Expected outputs at this stage of the clinical safety process which will be reflected in the risk management file.
Clinical risk management file
The purpose of the clinical risk management file is to provide a physical or logical repository of all records and documents that are produced by the clinical risk management process and required as stated in the suppliers CSMS and DCB0129. If the documents are referenced from the clinical risk management file, then they must be capable of being retrieved.
This is maintained for the functionality that is being delivered to the health organisation. This should include any hazards that have been identified as part of the development cycle and those that have been identified by the customer and are system related in the pre go-live phase. A baseline hazard log is produced at the commencement of the project and is subsequently maintained throughout the project lifecycle. It is the responsibility of the CSO to make sure the hazard log is reviewed and updated as required.
Such on-going revisions will:
- incorporate new hazards, when identified
- record the mitigation of defined hazards through the implementation of clinical risk control mechanisms whether through design, testing, training or business process change
- reference supporting evidence where available
- record the status of actions
Clinical risk management plan
A clinical risk management plan will be produced at the commencement of each project which gives the risk management approach for that project relating to the delivered functionality. This plan must be updated if key personnel or the nature of the project changes during the development or modification of the health IT system. This plan will be maintained throughout the life of the health IT system.

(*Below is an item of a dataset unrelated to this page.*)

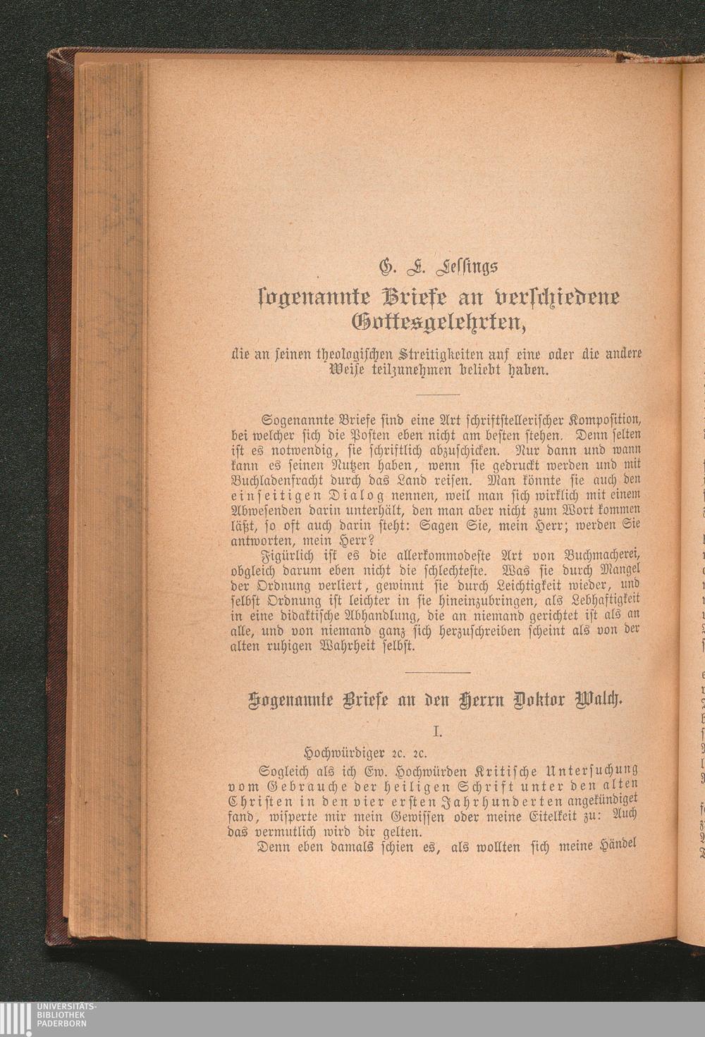 G. E. Lessings sogenannte Briefe an verschiedene Gottesgelehrten, die an seinen theologischen[...]

The clinical safety case is a structured argument which is supported by a body of relevant evidence that provides a compelling, comprehensible and valid case that a system is safe for release. The argument provides an explanation of how the supporting evidence can be interpreted as indicating that the health IT system exhibits an adequate degree of safety, such as by demonstrating compliance with requirements or sufficient mitigation of identified hazards. During the initial stages of the project the safety case is not expected to provide mitigation or residual risk rating but will give evidence of existing controls and initial risk ratings.